Skip to content

plot_distribution


method plot_distribution(columns=0, distributions=None, show=None, title=None, legend="upper right", figsize=None, filename=None, display=True)[source]
Plot column distributions.

  • For numerical columns, plot the probability density distribution. Additionally, it's possible to plot any of scipy.stats distributions fitted to the column.
  • For categorical columns, plot the class distribution. Only one categorical column can be plotted at the same time.

Tip

Use atom's distribution method to check which distribution fits the column best.

Parameterscolumns: int, str, slice or sequence, default=0
Columns to plot. I's only possible to plot one categorical column. If more than one categorical columns are selected, all categorical columns are ignored.
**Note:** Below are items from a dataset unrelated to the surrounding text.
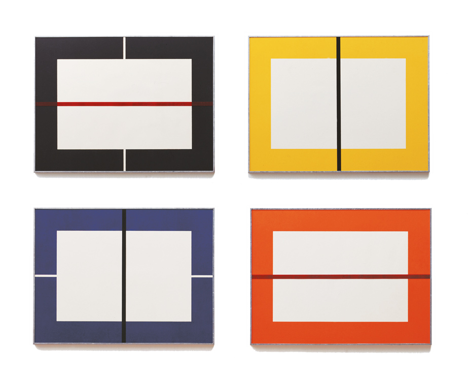 Set of four woodcuts printed in black, orange, yellow and ultramarine blue and with an oil paint stripe on the class of each galvanized iron frame. Japanese paper
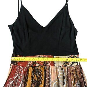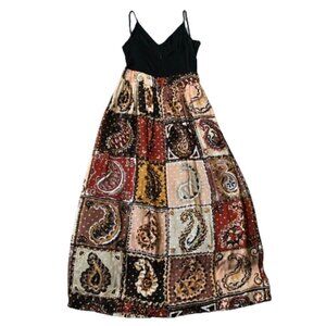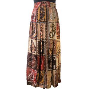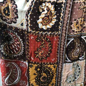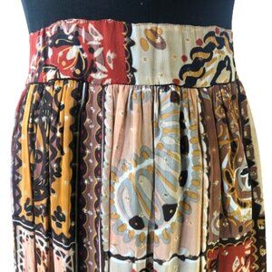 The skirt is more A line with a paisley print and in fall colors. Little metallic polka dots on gold are also included
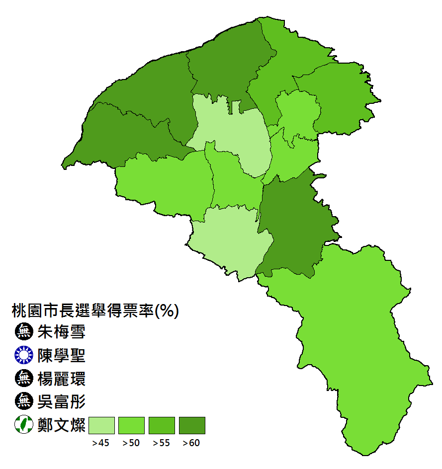 2018년 타오위안시 시장 선거 결과[24] | |||||
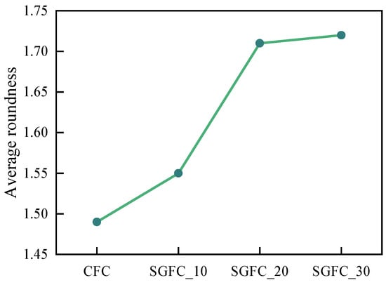 The shape of pores is also a factor affecting the performance of foam concrete, where irregular pores reduce strength and uniformity. The roundness value, defined as the ratio of maximum to minimum diameter of same pore, is typically used to quantify which the pore cross-section approaches a circle [21]. A larger roundness value means a pore with more irregular shape. The roundness of foam concrete is shown in Figure 15. The average roundness value of the CFC, SGFC_10, SGFC_20, and SGFC_30 was 1.49, 1.55, 1.71, and 1.72, respectively. This indicates that the pores of foam concrete became irregular with the increase in SGP content, which was more obvious in foam concrete with an SGP content over 10%. This is because SGPs cause the internal pores of the foam concrete to gradually develop from independent spherical pores with small volumes to interconnected and irregularly shaped larger pores. From CFC to SGFC_30, with a decrease in cement content and an increase in SGP content, the bubble maintenance ability in cement slurry gradually weakened, and the foam structure was insufficient to wrap aggregates during the forming process [24], resulting in a decrease in pore regularity and an increase in the average roundness.
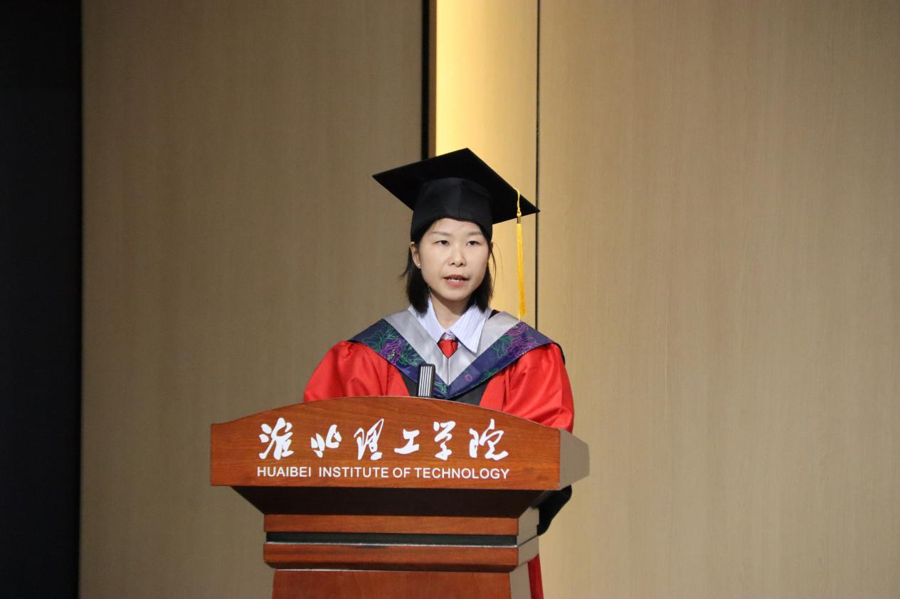 市场营销专业梁诗雨同学代表毕业生发言,回忆了校园生活的丰富多彩,重温了入学以来个人的成长历程,表达了对母校、师长、同学和父母的深深感恩情。

distributions: str, sequence or None, default=None
Names of the scipy.stats distributions to fit to the columns. If None, a Gaussian kde distribution is showed. Only for numerical columns.

show: int or None, default=None
Number of classes (ordered by number of occurrences) to show in the plot. If None, it shows all classes. Only for categorical columns.

title: str, dict or None, default=None
Title for the plot.

legend: str, dict or None, default="upper right"
Legend for the plot. See the user guide for an extended description of the choices.

  • If None: No legend is shown.
  • If str: Location where to show the legend.
  • If dict: Legend configuration.

figsize: tuple or None, default=None
Figure's size in pixels, format as (x, y). If None, it adapts the size to the plot's type.

filename: str or None, default=None
Save the plot using this name. Use "auto" for automatic naming. The type of the file depends on the provided name (.html, .png, .pdf, etc...). If filename has no file type, the plot is saved as html. If None, the plot is not saved.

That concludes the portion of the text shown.